[SUPPLIED DATA]
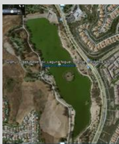
Figure 1. Aerial view of Laguna Niguel Lake (2009)

Laguna Niguel Lake (Sulfur Creek Reservoir) (Figure 1) was built in 1966. The lake is primarily used for scenic recreation and local fishing, however it also is an important sanctuary for waterfowl. Recent issues with poor water quality, foul odours, declining fishery and outbreaks of avian botulism prompted the need for water quality management. Although the nutrient inputs from the inlet creek and surface runoff contribute to the annual load of phosphorus into the lake, monitoring of the water quality and lake sediments in recent years suggested internal phosphorus loading as a significant contributor to the water quality issues.
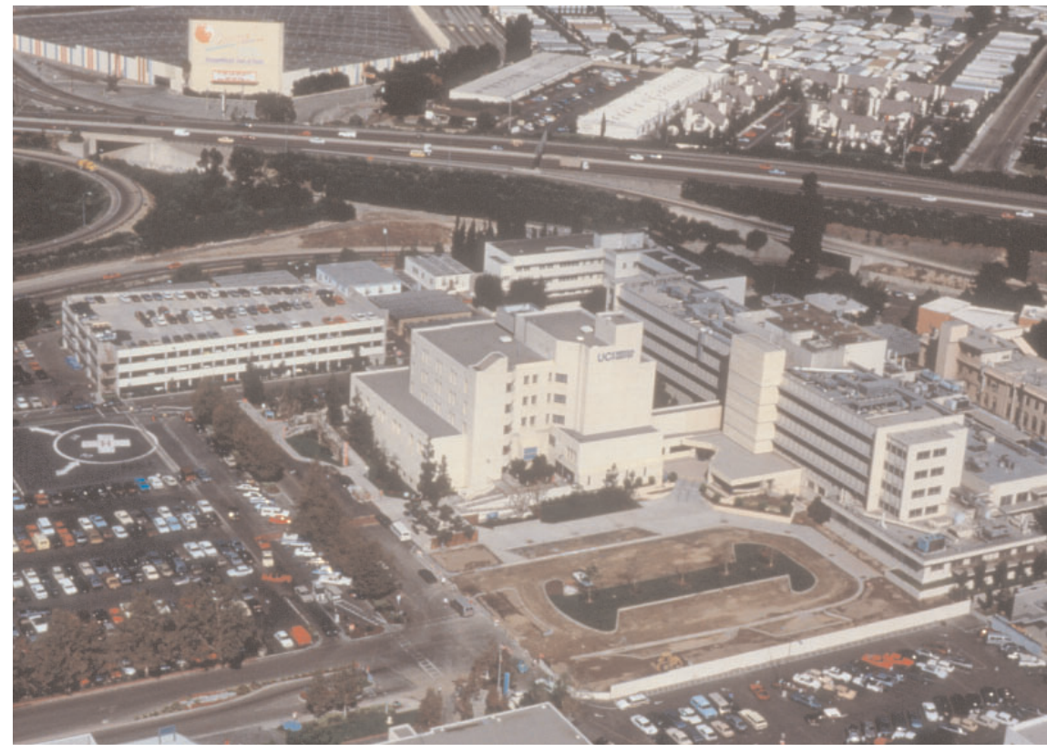
Figure 5: UCIMC Aerial Photo (Circa 1982)

L.A. Pesch and Associates performed a planning study in 1981 to address issues such as traffic, circulation, material movement, and phasing. This study proposed to develop a modular building system at the center of the site that would provide incremental development along well-defined circulation spines. This would tie together the zones established by the Redevelopment Master Plan. The Diagnostic Services Center (DSC), Medical Library, and Magnetic Resonance Imaging (MRI) building were built on this concept. This plan, however, was not formally adopted.
[/SUPPLIED DATA]
TASK STATEMENT:
Word for word, retype the material above without its pictures.

ANSWER SPACE:
Figure 1. Aerial view of Laguna Niguel Lake (2009)

Laguna Niguel Lake (Sulfur Creek Reservoir) (Figure 1) was built in 1966. The lake is primarily used for scenic recreation and local fishing, however it also is an important sanctuary for waterfowl. Recent issues with poor water quality, foul odours, declining fishery and outbreaks of avian botulism prompted the need for water quality management. Although the nutrient inputs from the inlet creek and surface runoff contribute to the annual load of phosphorus into the lake, monitoring of the water quality and lake sediments in recent years suggested internal phosphorus loading as a significant contributor to the water quality issues.
Figure 5: UCIMC Aerial Photo (Circa 1982)

L.A. Pesch and Associates performed a planning study in 1981 to address issues such as traffic, circulation, material movement, and phasing. This study proposed to develop a modular building system at the center of the site that would provide incremental development along well-defined circulation spines. This would tie together the zones established by the Redevelopment Master Plan. The Diagnostic Services Center (DSC), Medical Library, and Magnetic Resonance Imaging (MRI) building were built on this concept. This plan, however, was not formally adopted.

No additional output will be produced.